I’d say that whether a potential child would probably be happy is kind of mooted if having a child will make the parents less happy, but again, I really not a philosophy buff the way you guys are. I would guess though that if procreating would make the parents less happy, then it would be a matter of weighing whether they’ll be less happy than the child would be happy? Eg you and your husband don’t want a baby, is that to a degree that having one anyways would make the two of you more unhappy than the child would be happy? And then there’s the question of how happy could a child with parents who resent zir be…
You’re a philosophy professor iirc? I should shut up and listen then, I really don’t know much philosophy, my one course was focused on consciousness, the types thereof, etc (and ended up mostly being a few religious students insisting only humans have souls, thus we’re special >.< )
In which Vox Day is too extreme for WND: http://scienceblogs.com/insolence/2006/05/18/vox-day-too-much-of-a-wingnut-1/
And it appears that he’s a chip off the old block: http://www.startribune.com/local/east/25539759.html
Dvärghundspossen: I think that’s pretty plausible.
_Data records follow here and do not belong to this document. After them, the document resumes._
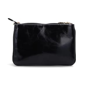 Bolsa tiracolo de tamanho pequeno com acabamento macio e formato estruturado.. Fechamento principal em zíper de metal.. Possui dois bolsos externos embutidos na parte frontal e posterior da bolsa, com fechamento em botão imã.. Alça tiracolo de couro com regulagem de altura e com detalhe de correntes, fixa no produto.. Detalhe para aplicação da placa luas com forração em couro na parte frontal da bolsa.. No interno, bolso sem zíper.. L: 24cm x A: 16cm x P: 8cm..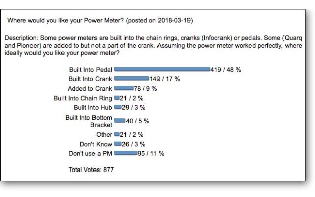 The pedal makes sense, because you can buy one power meter and it’s portable across bikes. No doubt this is what many of you were thinking when taking our poll a few weeks ago (results below).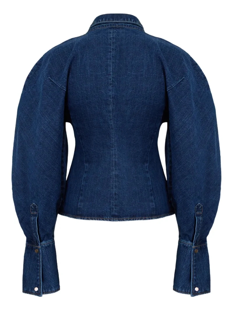 Camasa A.W.A.K.E. Mode balloon-sleeve denim albastru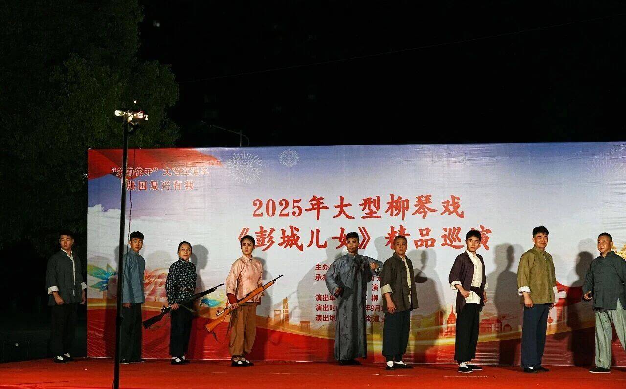 活动现场座无虚席,不少居民早早搬来小板凳等候。随着锣鼓声响起,演员们身着精致戏服登场,以饱满的热情、精湛的演技,将《彭城儿女》中跌宕起伏的剧情和鲜明的人物形象展现得淋漓尽致。剧中展现的家国情怀与地方特色,深深打动了在场观众,现场掌声、喝彩声此起彼伏。

It’s really an ungrounded assumption that most people make a positive contribution to net happiness. But I realize many might find this solution to the problem rather depressing.
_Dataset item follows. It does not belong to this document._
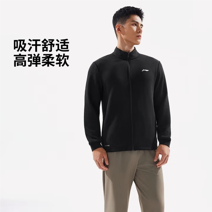 李宁男子2025秋季弹力吸汗开衫运动上衣健身外套AWDV935-3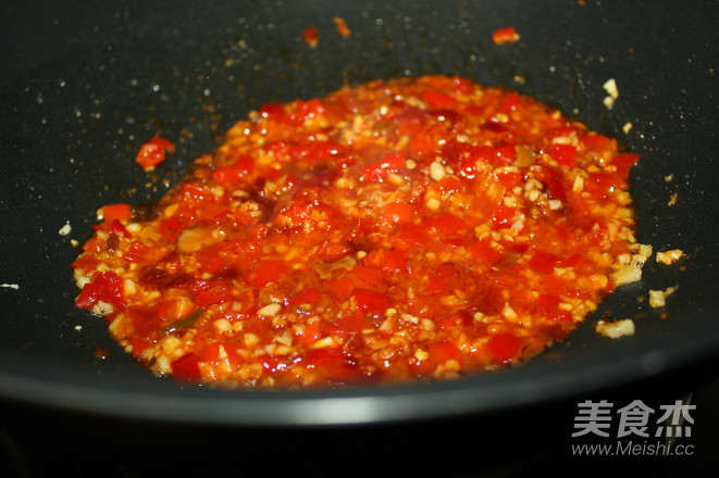 7.泡紅椒翻炒出香后加入1湯匙郫縣豆瓣醬,炒出紅油。

But, if most people feel they are more happy than not, who (and how) is that to be negated?
Is there an objective, outside, measure of, “happiness”?
This has, IMO, always been the crux of the problem with the strict utilitarian position; happiness is, at its root, unquantifiable.
And then we’d once again be stuck with a duty to procreate.
I don’t think so. If the argument is that people, in general, will be happier, I don’t think I am obliged to create one more person to be happy. I think I am obliged to work so that the people who do exist are happier.
This is because, insomuch as I am a utilitarian, that making extant people happy is something to strive for, but I don’t see any duty to create a new person to make happy.
Argenti: Seems to me you’re following the discussion just fine.
I’m not quite sure if I’m a professor in the American sense of the word… Here “professor” is an academic title you normally don’t manage to claim until you’re like fifty. But I’m a PhD and a university teacher.
And you’re right that we only ought to have a child if the happiness of the child would outweigh our diminished happiness. Of course, this might not be the case. Many people still see this implication as problematic, just because it COULD be situations where one ought to have a child despite not wanting one and it seems like this should NEVER be one’s duty.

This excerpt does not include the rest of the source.